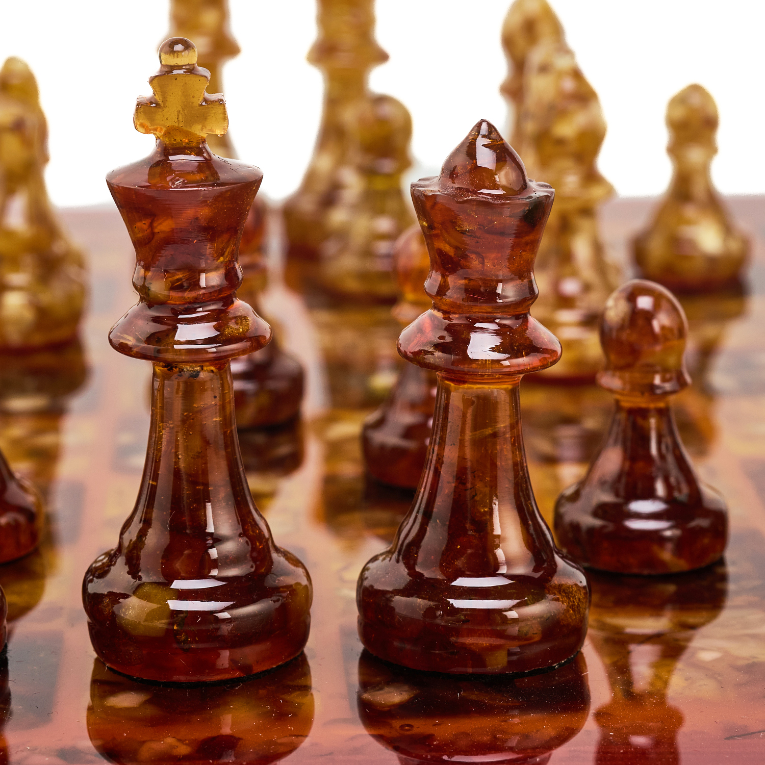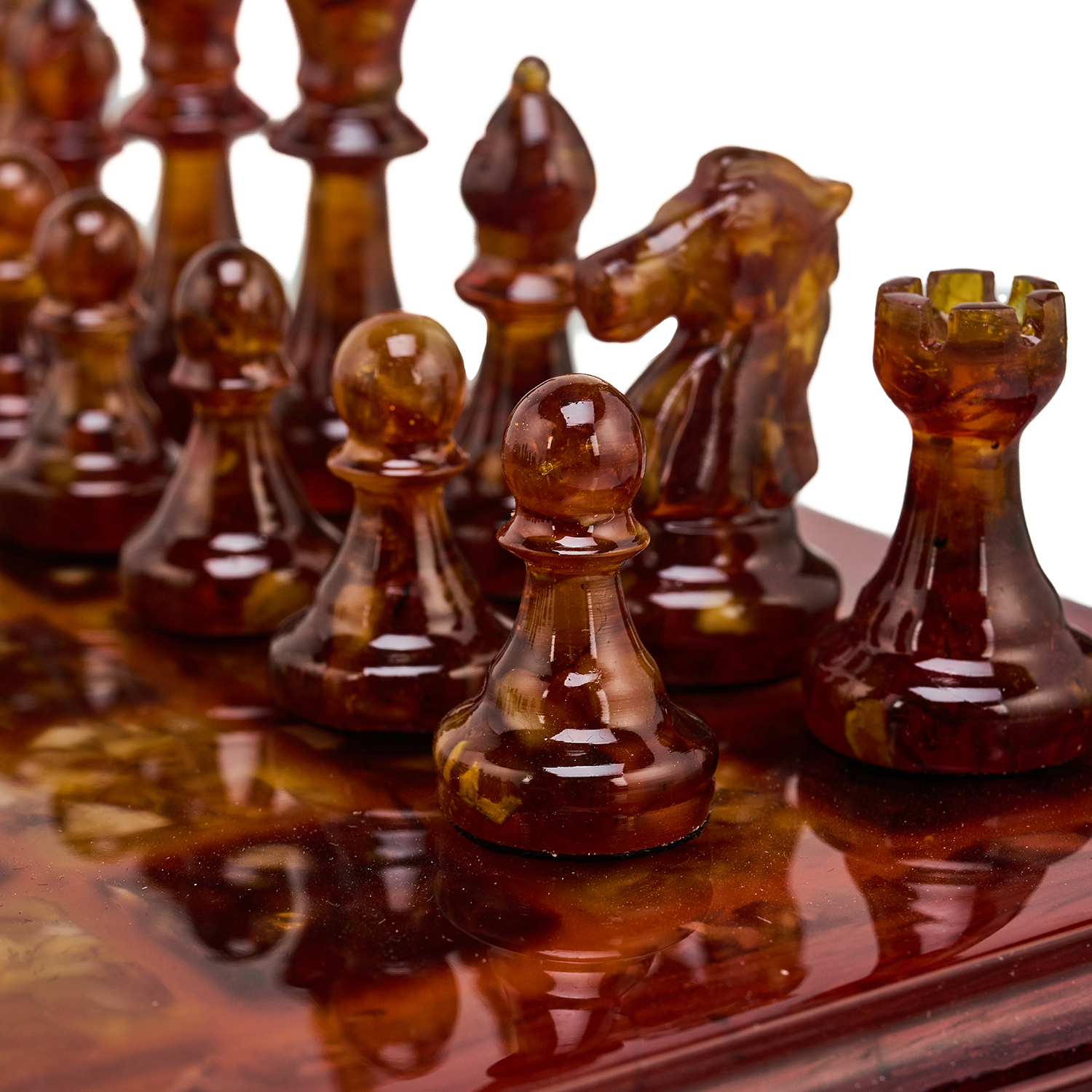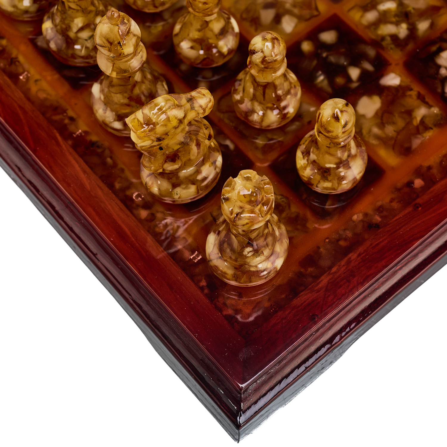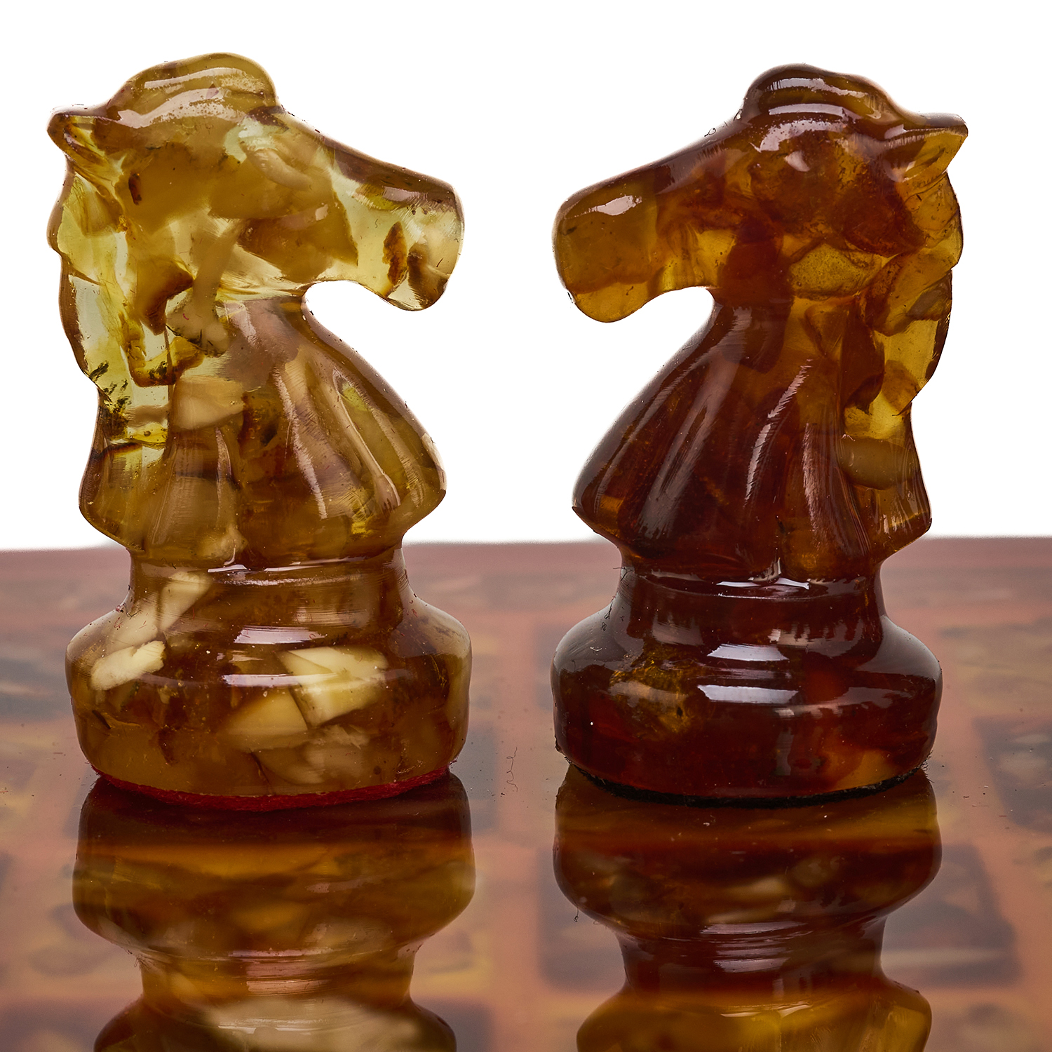 Шахматы с янтарными фигурами.Материалы: янтарь, полиэфирная смола.
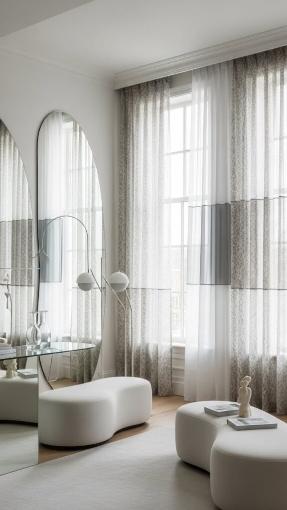 Curved mirrors and rounded furniture set a soft, flowing tone, so carry that airiness to your windows by layering sheer curtains to amplify natural light.
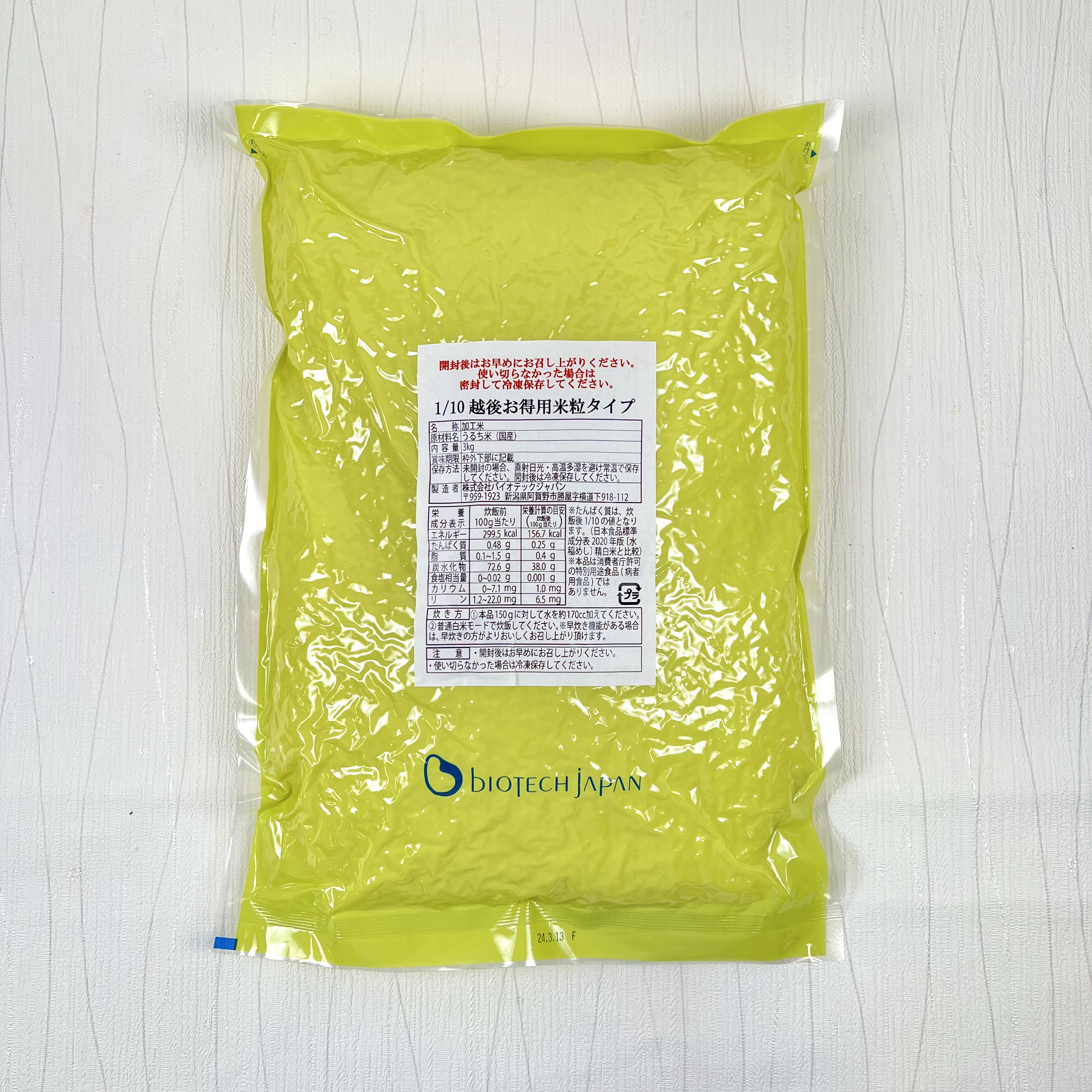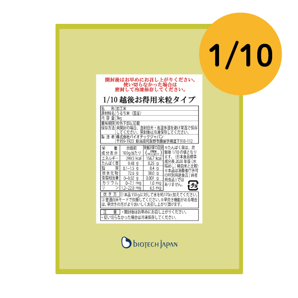 業務用サイズ(3㎏)でコストカットすることで、1食(炊飯後180g)あたり、越後シリーズ史上最安値の238円(税込)!また、包材を極めてシンプルにすることで、コストカットを実現いたしました!
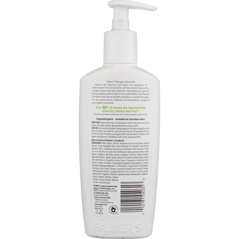 Product DescriptionPalmer's Cocoa Butter Formula Massage Lotion helps visibly improve skin elasticity and reduce the appearance of stretch marks. Pure Cocoa Butter and Shea Butter, Natural Oils, Collagen, Elastin, and Lutein keep skin moisturized and supple for 48 hours allowing skin to stretch more easily. Widely recommened for stretch marks during and after pregnancy or weight fluctuation. This non-greasy lotion is ideal for all over body use, in place of your regular moisturizer.Over 98% of women saw improved skin elasticity, texture and toneMineral Oil Free Paraben Free Phthalate Free Dermatologist ApprovedIngredientsWater (Aqua), Theobroma Cacao (Cocoa) Extract, Glycerin, Glyceryl Stearate, Petrolatum, Propylene Glycol, Mineral Oil (Paraffinum Liquidum), Theobroma Cacao (Cocoa) Seed Butter, Cocos Nucifera (Coconut) Oil, Elaeis Guineensis (Palm) Oil, Cetyl Alcohol, Dimethicone, Butyrosperum Parkii (Shea) Butter, Prunus Amygdalus Dulcis (Sweet Almond) Oil, Tocopheryl Acetate, Centella Asiatical Extract, Hydrolyzed Collagen, Hydrolyzed Elastin, Argania Spinosa Kernel Oil, Acetylaringyltryptophyl Dipheylglycine, Carthamus Tinctorius (Safflower) Seed Oil, Hydroxyethylcellulose, PEG-8 Stearate, Phenoxyethanol, Benzoic Acid, Sorbid Acid, Behentrimonium Menthosulfate, Butylene Gycol, Caramel, Fragrance (Parfum), Benzyl Benzoate, Benzyl Cinnamate, Benzyl Salicylate Limonene, Hexyl Cinnamic Aldehyde, Hydroxycitronellal, Butylphenyl Methylpropinal, Linalool.AllergensHypoallergenic.Suggested UseHelps reduce appearance of stretch marks.WarningsSafety Warning: Skin sensitivity heightens during pregnancy. We advise testing this and all skin care products on a small area, such as the inner forearm, 48 hours before first use. Do not use if signs of irritation or rash appear After using the product, if irritation or rash appears discontinue use. If irritation or rash persists, consult your doctor.
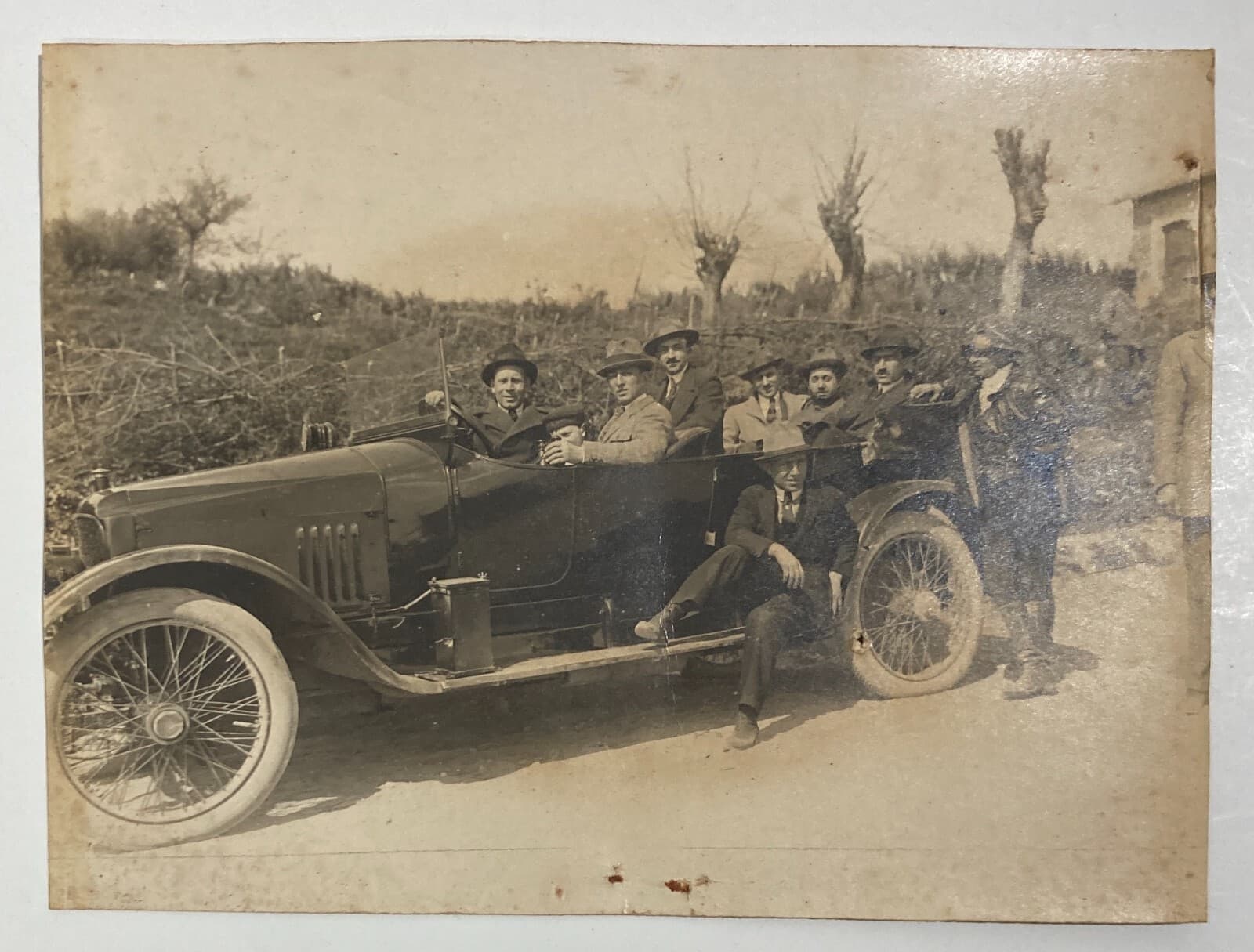 Automobilismo, Auto d'Epoca: Antica Foto Storica, Animata Veduta Con Automobile
==*==
TO DO:
Would you please output only the lines from the start of the material above up to and including the line with "業務用サイズ(3㎏)でコスト", exactly as they appear and without pictures?

SOLUTION FOR THIS PROBLEM:
 Шахматы с янтарными фигурами.Материалы: янтарь, полиэфирная смола.
 Curved mirrors and rounded furniture set a soft, flowing tone, so carry that airiness to your windows by layering sheer curtains to amplify natural light.
 業務用サイズ(3㎏)でコストカットすることで、1食(炊飯後180g)あたり、越後シリーズ史上最安値の238円(税込)!また、包材を極めてシンプルにすることで、コストカットを実現いたしました!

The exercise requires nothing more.